Additional characteristics of the flared modular system are identified below:

- Separate individual modules
  - Each module has front face 14 and rear face 16 which extend and transition between an upper face 18 with surface area A, and a lower face 20 with surface area A′ that is greater than A.
  - Surface area A′ is typically between 25% and 300% greater than surface area A (see for example Table 1 below).
  - Shaded areas 22 in FIG. 1 represent the increase in lower face longitudinal thickness compared to the upper face, resulting in substantially increased surface area on the bottom face and thus improved absorption properties of the entire system as well as additional surface area credit from regulatory authorities.
  - Preferably, the upper and lower faces (18, 20) lie substantially parallel to each other, though this is a non-limiting characteristic.
  - Front and rear faces (14, 16) transition from upper face edge in a generally concave arc, producing the “flared” contour toward at the bottom of the modules.
  - Fluid permeable geotextile filtration fabric substantially encases each module, defining an inner cavity suitable for receipt of drainage fluid.
  - The inner cavity of the modules can be upright polymer sheets, which may be cuspated and/or may have holes therein; or may include another support fill such as, for example, loose Styrofoam®, inert mesh, shredded polymer, or similar.
- The respective modules (12, 12′) are spaced along a support pipe 13 (described above).
  - The support pipe 13 may have holes and may be used for fluid distribution to the modules or fluid may be delivered to the system via another distribution conduit, for example, a pipe positioned above the upper faces of the modules.
- In all depicted embodiments, the front and rear edges of successive upper faces 18 are spaced from each other.
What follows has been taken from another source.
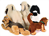 Konv. 5 Art., Dackel Waldi kompl., Nr.4142/28, 43 cm, Yoli Cockie kompl., Anhänger mit Geschmacksmusteranmeldung, beim Amtsgericht Nr.2487, 45cm, 2x Hassan kompl., Anhänger mit Geschmacksmusteranmeldung beim Amtsgericht Nr.3650, 3649, 43 cm,50 cm, Arco kompl., Anhänger mit Geschmacksmusteranmeldung beim Amtsgericht Nr. 3102, 55cm, guter Zustand

This allows backfill to be delivered to the excavation between each module.
- Front and rear edges of lower faces may be spaced from each other (see FIG. 1) or may abut (see FIG. 2), thereby providing an uninterrupted fluid permeable bottom face of modular unit.
- Sand, aggregate, stone or similar backfill material is filled around the system and in the spacing between each module.

Examples of flared modular units like those depicted as

reference numerals

12 and 12′ are shown in Table 1 below, indicating the substantial increase in surface area achieved by the inventive flared configuration:

TABLE 1

							Increase in total
	Module	Upper face	Upper face	Lower face	Lower face	increase in	surface area
	lateral	longitudinal	surface	longitudinal	surface	lower:upper face	lower:upper for 6
	width - W	thickness - T_u	area - A	thickness -T₁	area - A′	surface area	module system
Example	(inches)	(inches)	(inches²)	(inches)	(inches²)	(%)	(inches²)

1	24	3	72	5	120	67	288
2	24	3	72	6	144	100	432
3	24	3	72	7	168	133	288
4	24	4	96	6	144	50	288
5	24	4	96	8	192	100	576
6	24	4	96	10	240	150	864
7	24	4	96	12	288	200	1152

FIG. 6 shows an embodiment of a drainage unit 100 utilizing a plurality of arced channels 112 spaced from one another. The exemplified embodiment again includes a support pipe 113 extending through each module 112 that defines the arched channels, with successive modules 112 space from each other in the excavation (here, spaced along the pipe 113). Each module has a lateral thickness T, a height H and a width W. Typically the contour of the arced shape circumferentially spans an angle of between approximately 60° and approximately 270°. As shown, the front surface includes a pair of opposite front edge surfaces 114, each with a width W, laterally spaced from each other by an inner arced surface 116. The front edge surfaces 114 extend between the front arced surface 116 and a rear arced surface 118. The lower edges of the front edge surfaces 114, front arced surfaces 116 and rear arced surface 118 define a lower footprint of the channel 112, which may contact a bottom surface of an excavation E when the drainage system is installed. Similar to other embodiments, the drainage unit 100 may include a support pipe 113 with apertures to allow for fluid distribution (not shown). The apertures may advantageously align longitudinally between the front arced surface 116 and rear arced surface 118 of at least one module 112 to provide fluid flow to the inner channel. FIG. 6 depicts a drainage unit 100 with two spaced modules 112 having substantially similar characteristics and dimensions, however any number of spaced modules may make up the drainage system, and the modules need not be of the same dimensions. As with all embodiments disclosed herein, a plurality of drainage units 100 may be installed in an excavation, optionally connected to each other, to make up a drainage system.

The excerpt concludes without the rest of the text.